Signed-off-by: Howard Chu <howardchu95@gmail.com>
---
.../bpf_skel/augmented_raw_syscalls.bpf.c | 122 ++++++++++--------
1 file changed, 67 insertions(+), 55 deletions(-)
diff --git a/tools/perf/util/bpf_skel/augmented_raw_syscalls.bpf.c b/tools/perf/util/bpf_skel/augmented_raw_syscalls.bpf.c
index b2f17cca014b..9ae459faac4b 100644
--- a/tools/perf/util/bpf_skel/augmented_raw_syscalls.bpf.c
+++ b/tools/perf/util/bpf_skel/augmented_raw_syscalls.bpf.c
@@ -157,9 +157,9 @@ static inline int augmented__output(void *ctx, struct augmented_args_payload *ar
return bpf_perf_event_output(ctx, &__augmented_syscalls__, BPF_F_CURRENT_CPU, args, len);
}
-static inline int augmented__beauty_output(void *ctx, void *data, int len)
+static inline int augmented__beauty_output(void *ctx, struct beauty_payload_enter *args, int len)
{
- return bpf_perf_event_output(ctx, &__augmented_syscalls__, BPF_F_CURRENT_CPU, data, len);
+ return bpf_perf_event_output(ctx, &__augmented_syscalls__, BPF_F_CURRENT_CPU, args, len);
}
static inline
@@ -277,25 +277,31 @@ int sys_enter_rename(struct syscall_enter_args *args)
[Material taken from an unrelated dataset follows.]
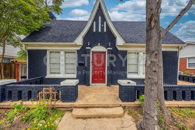 This beautifully maintained property offers a unique opportunity with two fully equipped residences on a single lot. The main home features 2 bedrooms and 1 bathroom, showcasing a coffered ceiling in the dining room, a decorative fireplace, and a vaulted ceiling that enhances the living room. The kitchen is updated with stainless steel appliances, providing both functionality and style. A dedicated laundry area with washer & dryer hookup adds convenience in the main home. The detached accessory dwelling unit (ADU) mirrors the main house with 2 bedrooms and 1 bathroom, along with its own full kitchen equipped with stainless steel appliances. This setup is ideal for accommodating guests or extended family. Refrigerator and stacked washer & dryer included in both homes. Situated on a 6,200 sqft lot, the property includes a garage, used for storage only, and additional parking space. Located in the desirable Sunset View neighborhood, it's just minutes from Bishop Arts, downtown Dallas, and major highways. This versatile property is a rare find in a sought-after area. No pets please. 12 month lease term only.

struct augmented_args_payload *augmented_args = augmented_args_payload();
const void *oldpath_arg = (const void *)args->args[0],
*newpath_arg = (const void *)args->args[1];
- unsigned int len = sizeof(augmented_args->args), oldpath_len, newpath_len;
+ unsigned int len = sizeof(augmented_args->args), oldpath_len, newpath_len, aligned_size;
if (augmented_args == NULL)
- return 1; /* Failure: don't filter */
+ goto failure;
len += 2 * sizeof(u64); // The overhead of size and err, just before the payload...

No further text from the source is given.